Nos récits doivent d’abord inclure tout ce qui peut nous permettre de ralentir, de limiter, voire d’arrêter la destruction des écosystèmes, des modèles de protection sociale, du vivre-ensemble, ainsi que le dérèglement du climat. Sus donc aux énergies fossiles, au gaspillage de toute sorte (énergétique, alimentaire, d’objets), à la surconsommation, à l’orgie de produits d’origine animale, à tout ce qui demande de bétonner, de creuser des mines, d’abattre des forêts, de propulser du gaz dans l’atmosphère, de faire travailler des enfants ou même des adultes dans des conditions misérables, sus à l’extrême concentration des richesses et du pouvoir qui craquèle nos démocraties et à l’ultralibéralisme qui est bien souvent l’architecture qui conduit à toutes ces catastrophes.

Construire la résilience

Malheureusement, il n’est pas exclu que la conjonction des problèmes que nous rencontrons se mue en effondrement, comme l’envisagent les collapsologues et un certain nombre de scientifiques. Et même si cela ne se produisait pas, le monde qui nous attend promet d’extrêmes tensions et un contexte nettement plus hostile. Il est donc indispensable de construire la résilience de nos territoires (et pourquoi pas de nos lieux de vie). Par « résilience », j’entends leur capacité à encaisser les chocs sans s’effondrer.
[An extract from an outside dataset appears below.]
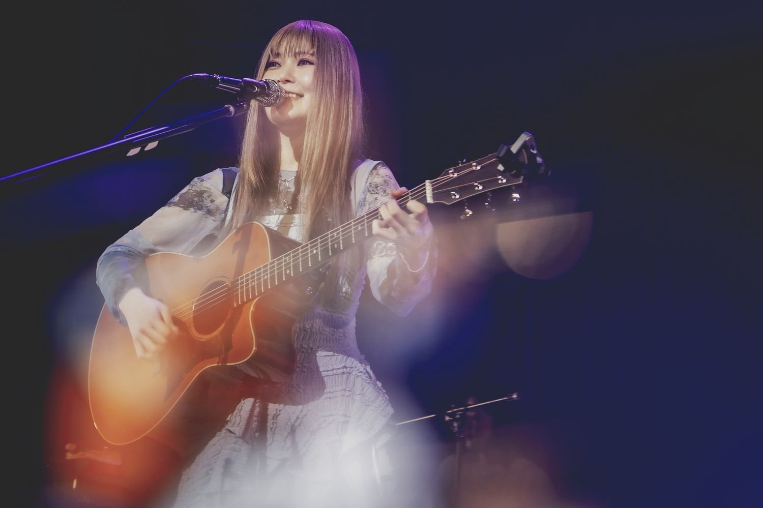 MCがわりのナレーションが教えてくれるのは視点の変化だ。最初のナレーションでは星を眺めていた主人公の体がふわりと宙に浮き、やがて空に同化していく様が描かれた。アコギを置き、ハンドマイクでワルツを踊るように歌ったアルバムのタイトル曲「celeste」、メジャーデビューシングル「魔法」では星が煌めく夜空の全体像を見せた。2つ目のナレーションでは空から地上を見ると、見覚えのある人影を見つけ、それが自分自身であることに気づく。ステージ前方に踏み出し、拳を力強く握りながら、<大丈夫、ちゃんと生きていける>と歌いかけた人生讃歌「じゅもんを唱える」。観客一人一人を見つめながら、真っ直ぐに手を伸ばして、<もう大丈夫だから>と繰り返す「シオン」。そして、<ただ君のそばにいたい>と願い、遠く離れた場所にいても、<これからもずっと色付けていく>と約束し、<もうひとりじゃないよ>というフレーズを観客と共有した「ひとりじゃないよ」。明日を生きる意味や勇気を与えてくれるメッセージソングを続けた彼女の歌声は観客の心にまっすぐに飛び込み、ステージと観客の距離をグッと縮める時間となっていた。

À s’adapter, à survivre, en gardant un minimum d’intégrité. Ce qui veut dire : produire un maximum de nourriture et d’énergie localement, mettre en place une gestion de l’eau potable qui ne soit pas uniquement dépendante de gros réseaux centralisés, développer la réutilisation de matériaux existants, la réparation, le recyclage, mais également la fabrication artisanale, qu’elle soit traditionnelle ou réinventée. Et retrouver les savoir-faire que nécessitent ces activités. Organiser des réseaux d’économie locale solidement maillés, où la plupart des biens et des services essentiels sont fournis par des entreprises locales et indépendantes. Idéalement mettre en place, en parallèle, des circuits monétaires complémentaires avec des monnaies locales, des monnaies affectées aux PME, pourquoi pas des monnaies soutenant les activités non directement commerciales mais augmentant, elles aussi, la résilience, des monnaies libres… Bâtir des communautés locales soudées, organisées autour de principes démocratiques vivants. Par « vivants », j’entends le contraire de ce que nous connaissons actuellement : voter tous les cinq ou six ans et (hormis les associations) ne pas s’impliquer dans les décisions politiques locales entre deux élections.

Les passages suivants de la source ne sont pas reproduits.